TASK BRIEF: Output, word for word and without pictures, the lines from the one containing "Golden hour senior" through the final line of the listing below.

SUPPLIED INFORMATION:
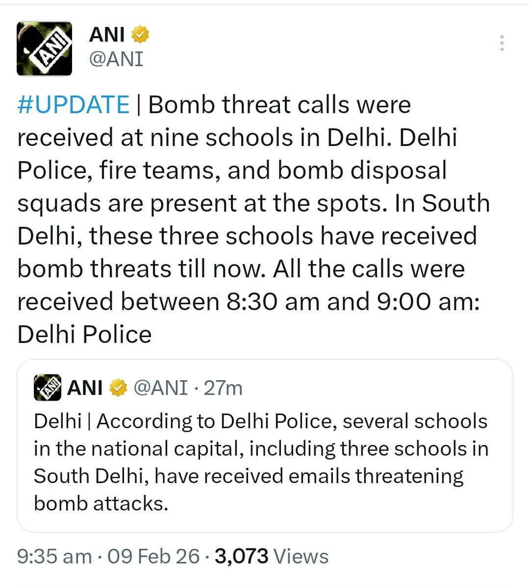 न्यूज एजेंसी ANI के मुताबिक पुलिस अधिकारियों ने बताया कि बम निरोधक दस्तों द्वारा स्कूल परिसरों की सघन जांच की जा रही है। अब तक किसी भी स्कूल से संदिग्ध वस्तु मिलने की पुष्टि नहीं हुई है। सुरक्षा के मद्देनज़र स्कूलों के आसपास अतिरिक्त पुलिस बल तैनात किया गया है।
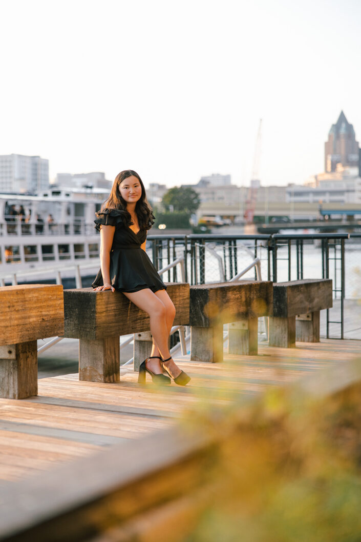 Golden hour senior photography downtown hits different. We spent the evening exploring Milwaukee’s streets for this senior portrait session, chasing that perfect warm light as it danced between buildings. This high school senior photoshoot was all about capturing authentic moments – the kind of senior photos that show who you really are, not just how you look.
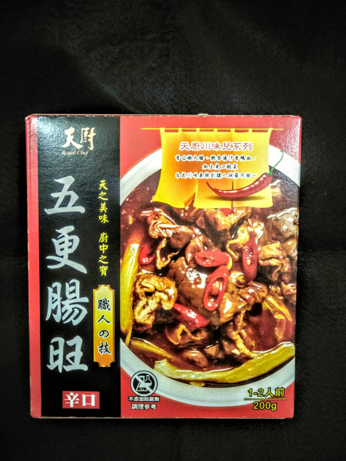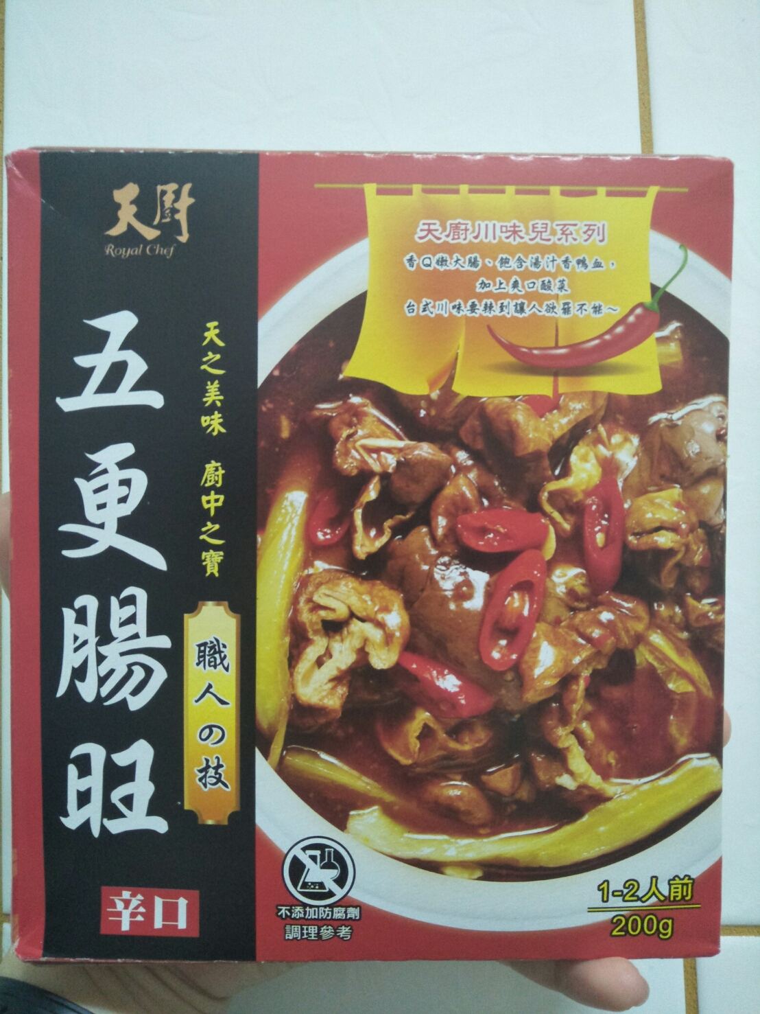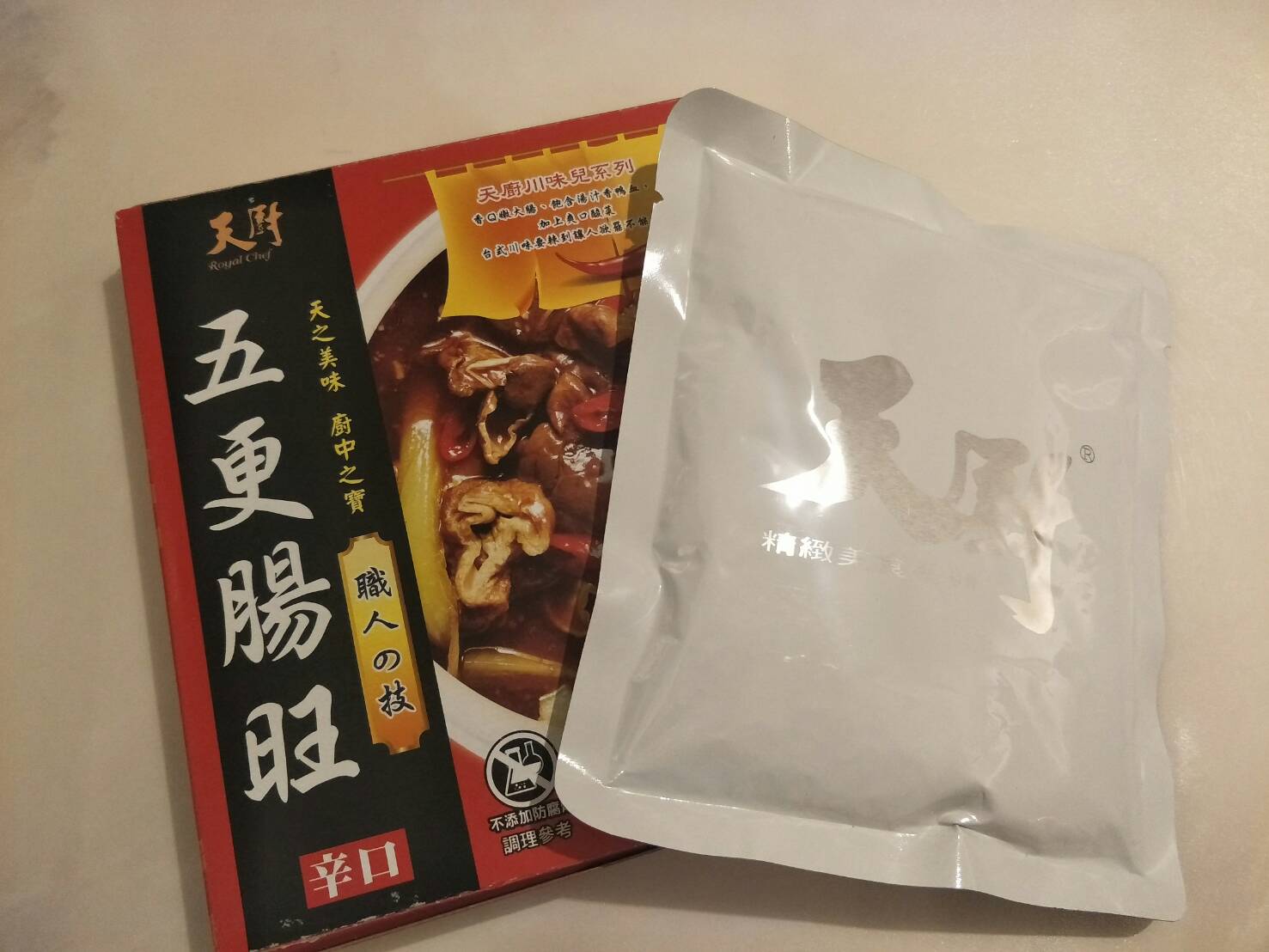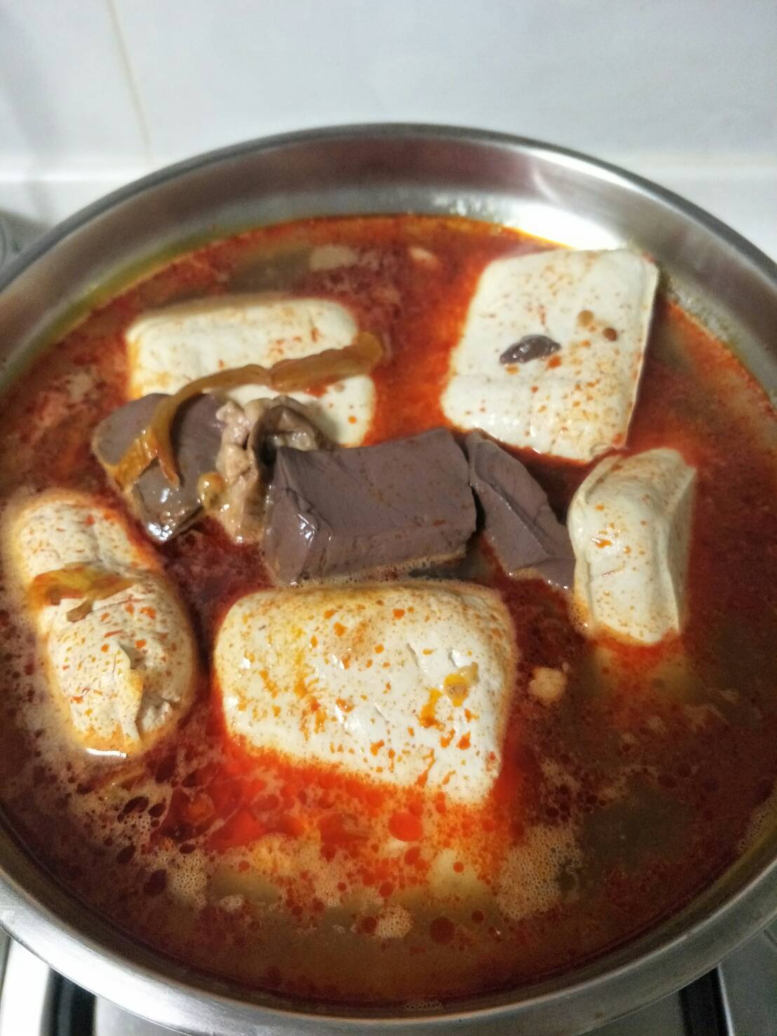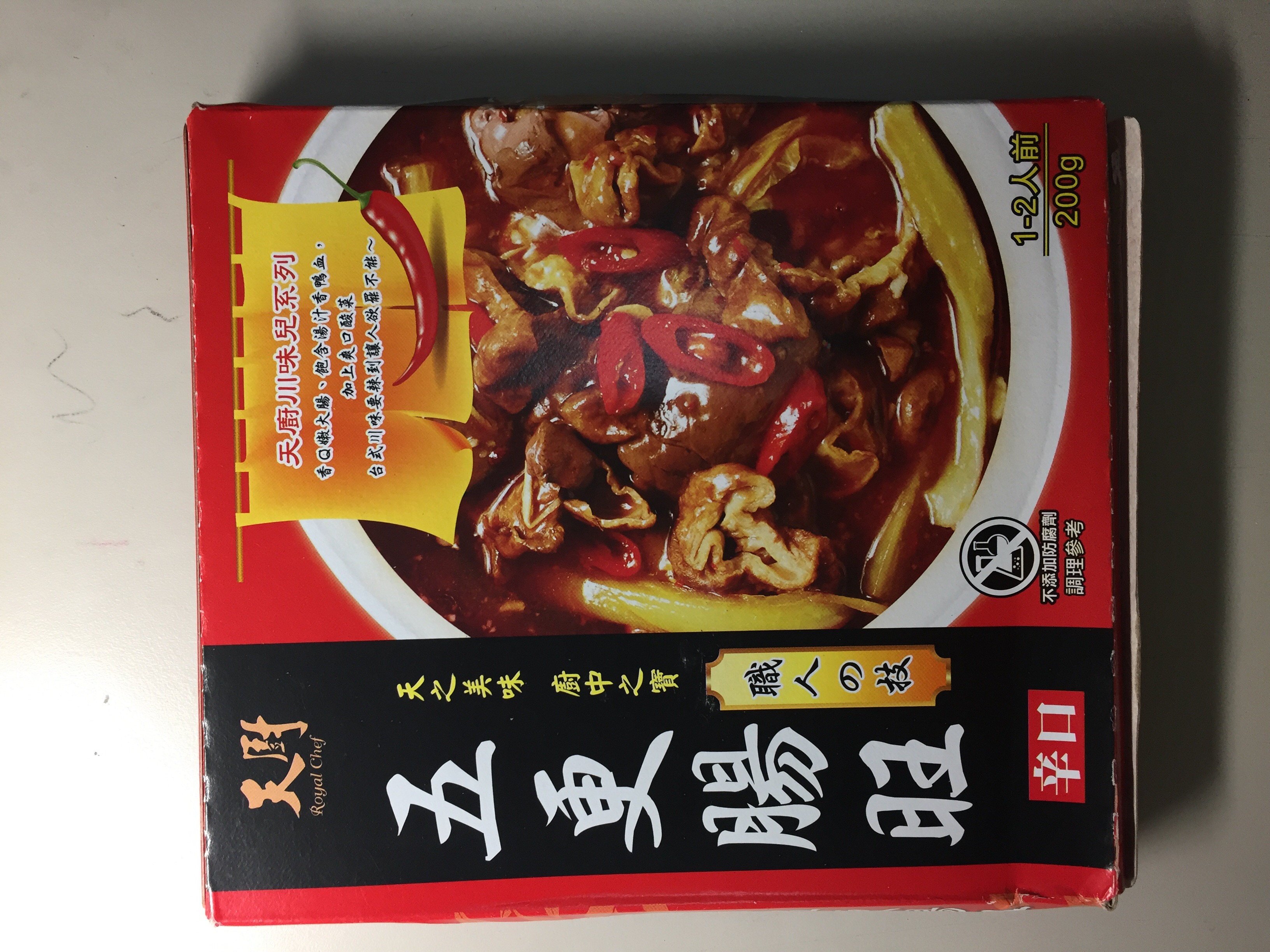 水、鴨血、豬大腸、酸菜、辣豆瓣醬、大豆沙拉油、醬油、薑、蒜、砂糖、雞粉、香油、八角粒、油性辣椒紅、花椒精油、麻辣肉精膏、花椒粉、五香粉、紅辣椒粉、白胡椒粉、水解大豆蛋白調味粉。

TASK ANSWER:
 Golden hour senior photography downtown hits different. We spent the evening exploring Milwaukee’s streets for this senior portrait session, chasing that perfect warm light as it danced between buildings. This high school senior photoshoot was all about capturing authentic moments – the kind of senior photos that show who you really are, not just how you look.
 水、鴨血、豬大腸、酸菜、辣豆瓣醬、大豆沙拉油、醬油、薑、蒜、砂糖、雞粉、香油、八角粒、油性辣椒紅、花椒精油、麻辣肉精膏、花椒粉、五香粉、紅辣椒粉、白胡椒粉、水解大豆蛋白調味粉。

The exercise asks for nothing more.